Similarly, no one noticed how I would sit alone, in the darkness, listening to people I knew couldn't exist. No one suspected that I walked around the campus surrounded by spectral voices ready to take up the semblance of position and discuss my behaviour in minute detail, or that I'd sit in my bedroom watching ghostly auras form around me. No one found and read the diaries I kept, recording 'incidents' as they happened.

I often walk through the woods on my way home now out of a compulsion to find darkness, in which vision can evaporate to be replaced by hearing, where whispering trees condense to become hushed and twisted voices. I'll spend an hour or more getting home, compelled to stop and listen to criticisms from hiding phantoms – and arrive home drained, forced to find my mask and interact as though my night was nothing out of the ordinary.

I'd say that I'm not a naturally retiring person, that I'm not 'socially isolated,' but I suppose I am. The very unreality of my experience sets me apart from normal people just as dirt stands out on a white carpet.

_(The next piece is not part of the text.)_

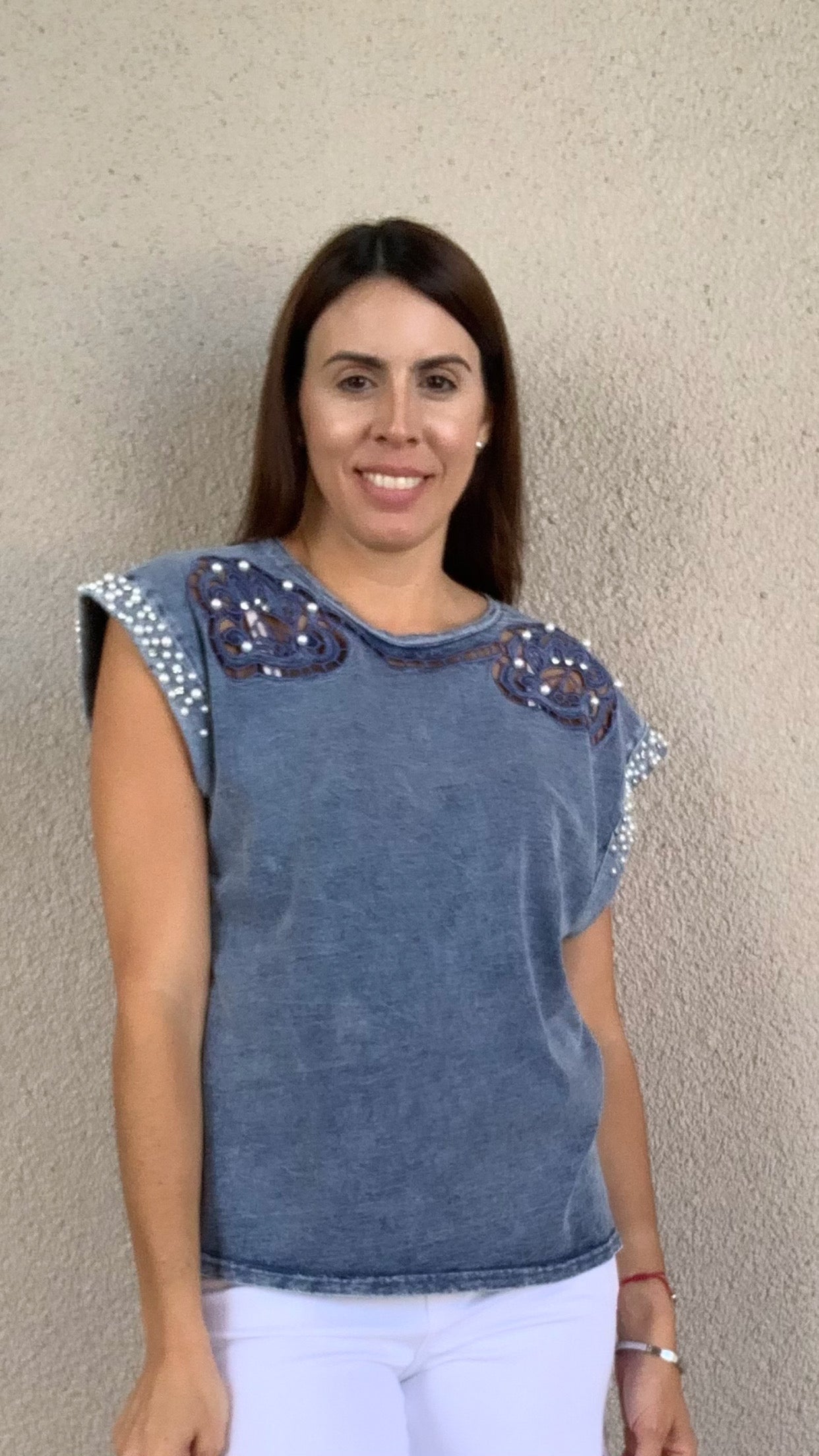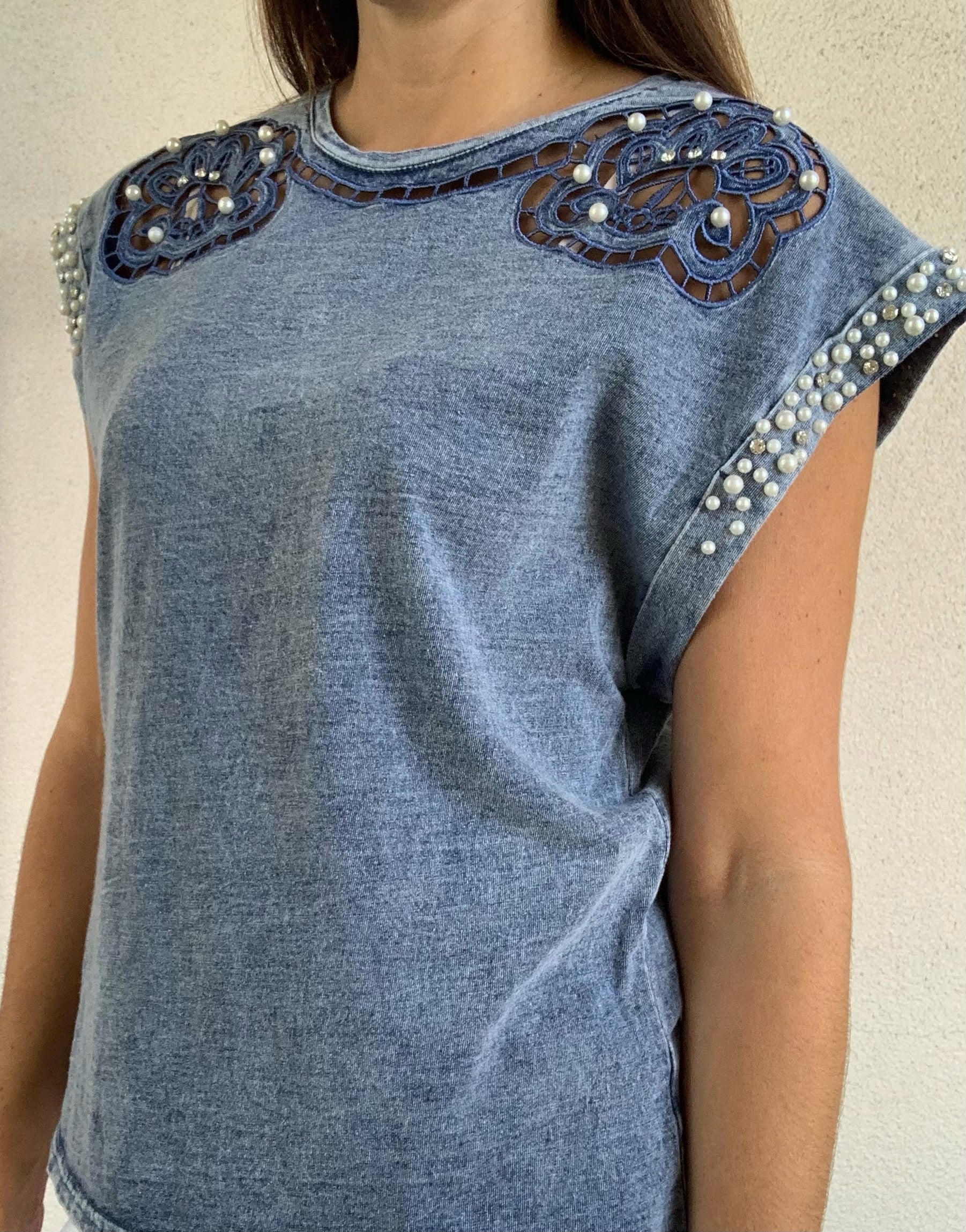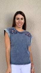 Lace & Rhinestone Knit Drop Shoulder Tee

And yet, sometimes I wonder. It's accepted that our reality isn't real, but I don't think most people understand the extent to which they manufacture the so-called 'real world'.

Take pattern, for instance. We see patterns between anything and everything, seldom caring that pattern is simply our (often false) observation of structure in incidental stability. And yet, we call this world of order 'reality,' and ignore the world of random caprice over which we weave our patterned webs.

And the patterns I see! At night, connections form furiously in my mind, unfolding like new cross-sections of a four-dimensional image, juxtaposed in rapid succession in an attempt at visualising the whole. My mind is a raving, out-of-control pattern-matcher, insisting that everything is secretly, darkly connected in a grand unifying scheme. If the pitiful shadows of this multiplying complexity can be called reality, surely I'm experiencing some sort of post-reality; if manufactured strands of similarity are sane constructions, I am not simply insane but rather supersane.

And yet, the voices which follow me, insubstantial as a point, belie this possibility. They taunt and jeer and keep me awake by delivering this blinding miasma, descending like malignant thistledown to break me to pieces with individually gentle, but collectively devastating blows.

And once more, no one suspects. I can learn and laugh and play and eat, even while I feel my thoughts being suppressed by hidden demons. It's beautifully duplicitous, to act for all the world like your ordinary, lucid student when I'm staving off a rebellion every few nights.

That is what 'schizotypal personality disorder' means to me. Why am I writing this? An attempt to capture the entirity of my experience when I feel fit. Why here? Simple: it stops people asking questions. If anyone feels in a particularly voyeuristic frame of mind, enough to explore and find this blog, I think they deserve a good dose of truth.

Should anyone actually bother to read this far down, they might still have a few questions. How often am I like that? About two or three nights a week, usually, though it has been getting worse and more frequent. How long have I had problems like this? Since I was sixteen. Am I really always acting when I laugh or talk animatedly or sound upset? No. Sometimes I'm really happy, or really interested, or really upset. Other times, I just be putting in a bit more than I actually feel. And other times, it's a complete charade that I'm putting on out of habit, because it's less effort to pretend than to appear outwardly bizarre. Perhaps I'm not always successful, but no one has brought it up, so I'm assuming it's enough to deflect curiosity.